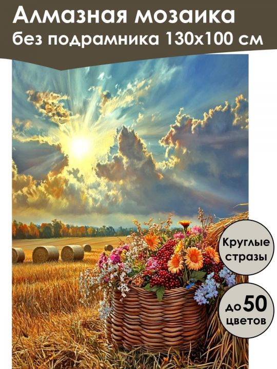 Алмазная мозаика 130×100 см собственного производства без подрамника. В картине используется до 50 оттенков для глубины цвета и плавных переходов. Надёжный клеевой слой не сохнет месяцами, стразы (26 граней) в ZIP пакетах, яркие, высокого качества и не отлетают. В наборе присутствуют дополнительно номера и инструменты, для удобства работы со стразами. Картина защищена непрозрачной бумагой. Схема напечатана водными пигментными чернилами (без свинца и запаха) в светлых пастельных тонах для комфортной работы. Плотный полухлопковый холст легко разглаживается и не мнётся. Доставляется в плотном буром тубусе. После сборки мозаика выглядит яркой и эстетичной. Узкие края предназначены для оформления в багет или обычную рамку. На изображении показано солнечное поле с тюками сена на дальнем плане, под ярким небом, где рассекаются облака, излучая золотистый свет, на переднем плане находится корзина, полная разноцветных полевых цветов, которая стоит на земле рядом с тюком сена.
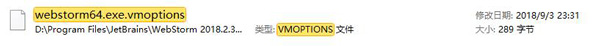 17、在第14步的目录下面找到【webstorm64.exe.vmoptions】文件,鼠标右击选择【打开方式】。
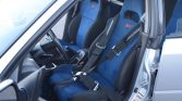 This 2004 Subaru Impreza WRX STi is finished in silver over black and blue cloth upholstery and is powered by a turbocharged 2.5-liter flat-four that drives all four wheels through a six-speed manual transmission. Equipment includes a Driver-Controlled Center Differential, an intercooler water sprayer, semi-automatic climate control, front and rear limited-slip differentials, an STi-specific aero kit, HID headlights, 17″ BBS wheels, and Brembo brakes. Modifications consists of a Cobb turbo-back exhaust system, upgraded sway bars, strut tower braces, a harness bar, a Cobb Stage II tune, and a Clarion stereo.
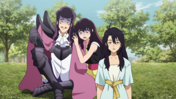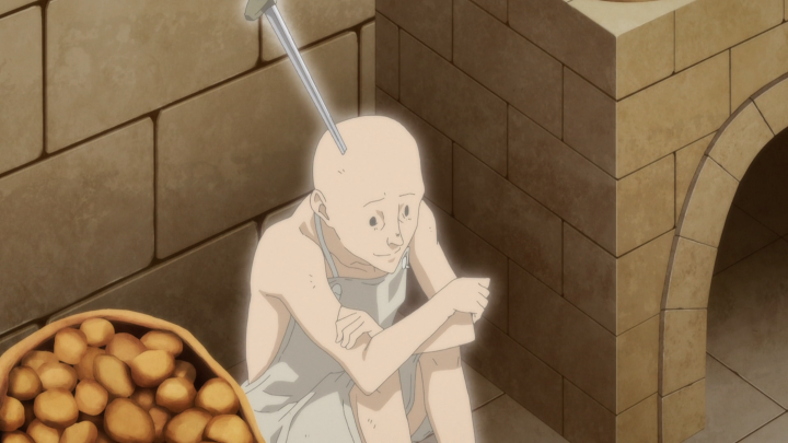 But enough about Fushi. Let’s talk about Bonchien Nicoli La Tasty Peach Uralis. A lot of pieces come into place in this second half of the episode – how does he know where Fushi is? What is his relationship with Tonari? Why does he talk to people who aren’t actually there? Well… he has special eyes. In this episode they mention that he can also see the future (but we really don’t see a whole lot of that so I won’t talk about that for now). Bon can see and communicate with dead people, something that he really wasn’t all too familiar with when he was young. Like a lot of other characters with special powers, they don’t know they are different because this is something they’ve seen for their whole life. In fact, his mom actually tries to exorcize him due to his odd behavior. I don’t know about you, but if my parent hired someone to tie me to the bed, cut my arm and let me bleed all night long… I’d be pretty affected by that. I’m surprised Bon doesn’t have more resentment towards his parents. But back to the spirit thing – Of the people he can see regularly, one is a kitchen dweller with a sword in his head, Fen, and the other a swordmaster with a missing arm, Nixon. Bon refers to them as his closest friends, primarily because they’ve been around him the longest. The only one he feels closer to is a storyteller who would visit him at night. And let me tell you when they revealed it to be Tonari? I lost my mind. I am so happy that we get to see her again! I can’t wait to see how this connection ultimately impacts Fushi and Bon’s relationship.
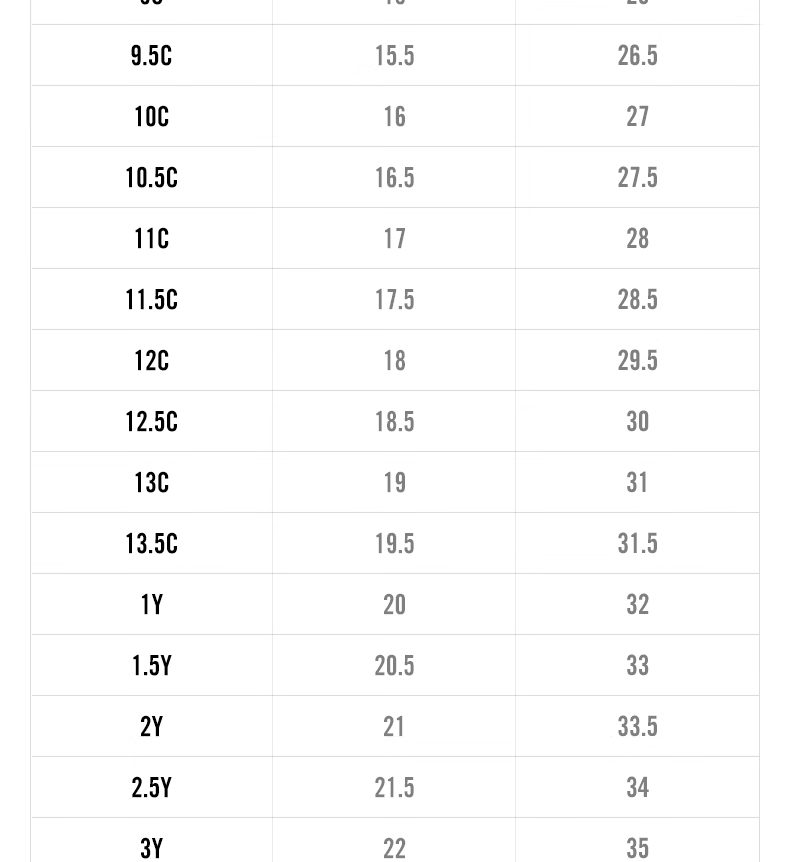 USA 5 5.5 6 7 7.5 8.5 9.5 10 10.5 12 13 14 15.5
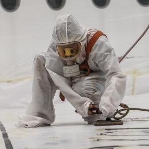 5月11日,在海南自貿港一站式飛機維修產(chǎn)業(yè)基地內,噴涂作業(yè)員對一架空客A350-900寬體客機進(jìn)行噴漆打磨工作。完成整機噴涂后,這架飛機將從??诿捞m國際機場(chǎng)飛往西班牙首都馬德里完成交付。據悉,這是海南自貿港一站式飛機維修產(chǎn)業(yè)基地投產(chǎn)以來(lái)承接的首單空客A350機型飛機整機噴涂業(yè)務(wù)。
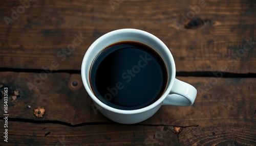 Dark espresso in a pristine white cup rests on a rustic wooden table, hot drink, italian coffee
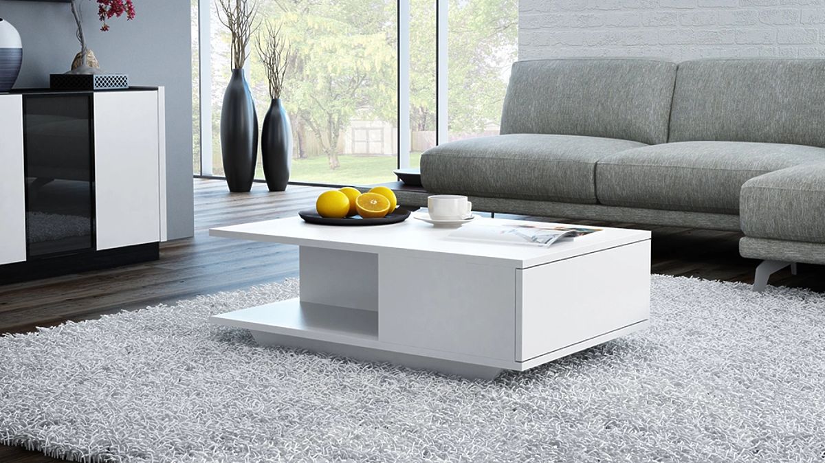 Masă de cafea albă cu spațiu de depozitare funcțional. .. mai mult
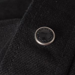 ‘The Man in Black’ is again the inspiration for this black denim western shirt, AKA ‘The Johnny Cash lll’. The 12oz black selvedge denim will fade slowly with age and wear, developing profound character, and ensuring this classic shirt will stay looking fantastic with age and lots of wear.
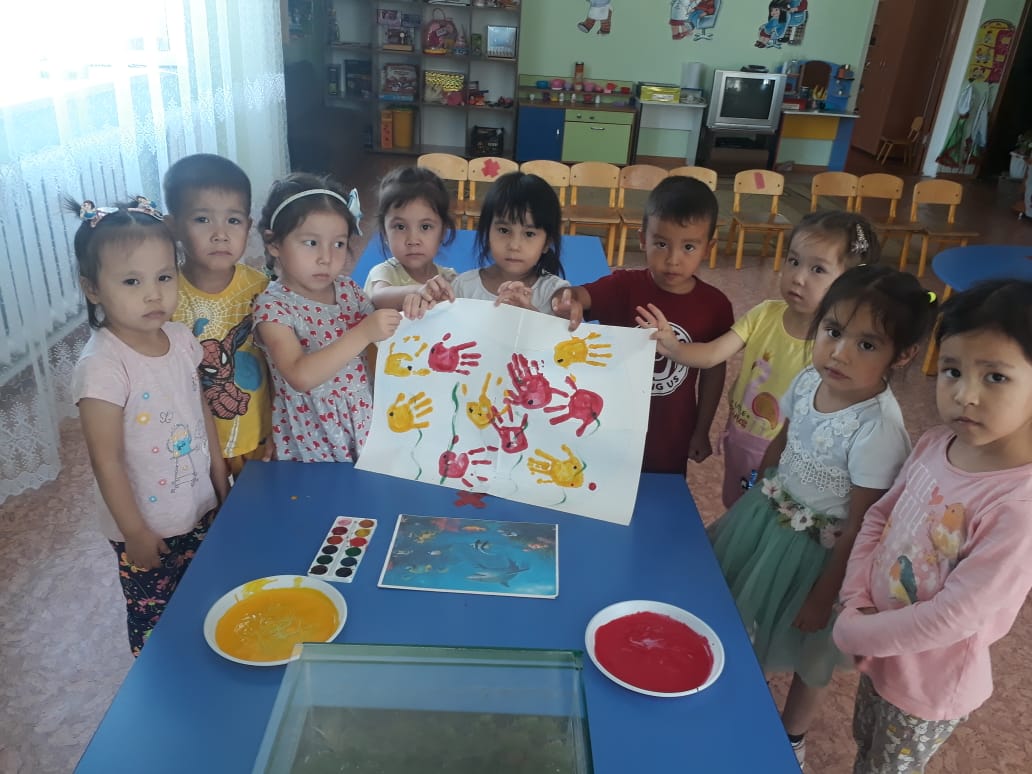Мақсаты: Сурет салудың дәстүрлі және дәстүрден тыс әдістері арқылы балалардың бейнелеу өнеріне деген қызығушылықтарын арттыру. Бейнені қағаз бетіне орналастыра білуін және шығармашылық қабілеттерін дамыту. Су асты тіршілік иелеріне деген сүйіспеншілік сезімін тәрбиелеу.

Task objective
Restate word for word, please, the line containing "USA 5 5.5 6" and all lines after it through the end of the material; the pictures do not belong in the copy.

Answer to this exercise
 USA 5 5.5 6 7 7.5 8.5 9.5 10 10.5 12 13 14 15.5
 5月11日,在海南自貿港一站式飛機維修產(chǎn)業(yè)基地內,噴涂作業(yè)員對一架空客A350-900寬體客機進(jìn)行噴漆打磨工作。完成整機噴涂后,這架飛機將從??诿捞m國際機場(chǎng)飛往西班牙首都馬德里完成交付。據悉,這是海南自貿港一站式飛機維修產(chǎn)業(yè)基地投產(chǎn)以來(lái)承接的首單空客A350機型飛機整機噴涂業(yè)務(wù)。
 Dark espresso in a pristine white cup rests on a rustic wooden table, hot drink, italian coffee
 Masă de cafea albă cu spațiu de depozitare funcțional. .. mai mult
 ‘The Man in Black’ is again the inspiration for this black denim western shirt, AKA ‘The Johnny Cash lll’. The 12oz black selvedge denim will fade slowly with age and wear, developing profound character, and ensuring this classic shirt will stay looking fantastic with age and lots of wear.
Мақсаты: Сурет салудың дәстүрлі және дәстүрден тыс әдістері арқылы балалардың бейнелеу өнеріне деген қызығушылықтарын арттыру. Бейнені қағаз бетіне орналастыра білуін және шығармашылық қабілеттерін дамыту. Су асты тіршілік иелеріне деген сүйіспеншілік сезімін тәрбиелеу.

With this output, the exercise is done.